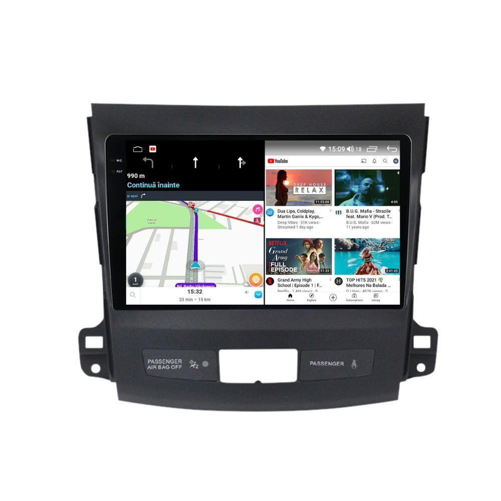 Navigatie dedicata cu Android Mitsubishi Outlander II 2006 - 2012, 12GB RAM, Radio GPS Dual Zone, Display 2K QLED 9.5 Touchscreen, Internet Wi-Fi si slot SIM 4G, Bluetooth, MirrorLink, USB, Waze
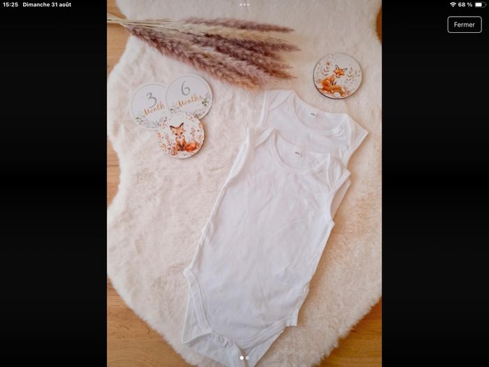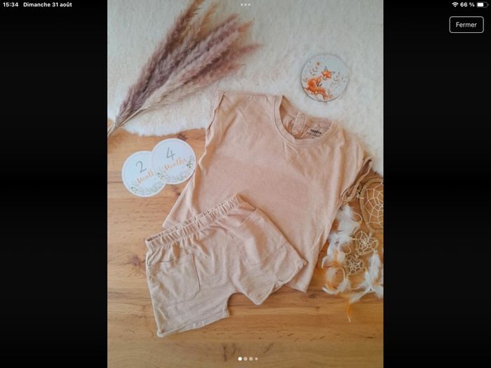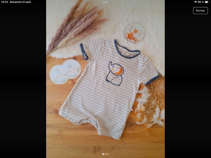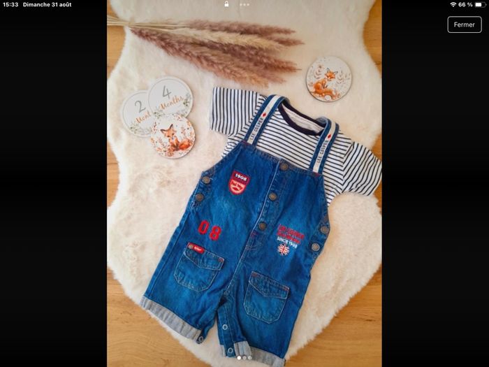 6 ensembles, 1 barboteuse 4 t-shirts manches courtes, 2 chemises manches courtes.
++++
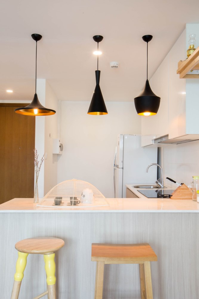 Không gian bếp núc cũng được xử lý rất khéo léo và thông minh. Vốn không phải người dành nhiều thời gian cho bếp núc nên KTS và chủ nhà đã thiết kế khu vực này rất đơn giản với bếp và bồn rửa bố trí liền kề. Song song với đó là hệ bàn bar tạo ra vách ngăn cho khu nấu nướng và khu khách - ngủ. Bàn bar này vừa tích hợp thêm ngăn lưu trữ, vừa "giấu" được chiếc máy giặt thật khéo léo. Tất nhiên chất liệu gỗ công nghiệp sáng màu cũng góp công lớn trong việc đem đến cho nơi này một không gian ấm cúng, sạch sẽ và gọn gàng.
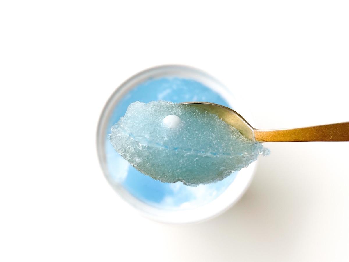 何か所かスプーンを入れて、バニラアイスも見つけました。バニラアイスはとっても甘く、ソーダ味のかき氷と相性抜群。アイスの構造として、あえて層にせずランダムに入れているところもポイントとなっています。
++++
Each line above starting at the one holding "Navigatie dedicata cu" and ending at the one holding "6 ensembles, 1" should be set down exactly as it stands, both ends included, with no pictures.

ANSWER SECTION
 Navigatie dedicata cu Android Mitsubishi Outlander II 2006 - 2012, 12GB RAM, Radio GPS Dual Zone, Display 2K QLED 9.5 Touchscreen, Internet Wi-Fi si slot SIM 4G, Bluetooth, MirrorLink, USB, Waze
 6 ensembles, 1 barboteuse 4 t-shirts manches courtes, 2 chemises manches courtes.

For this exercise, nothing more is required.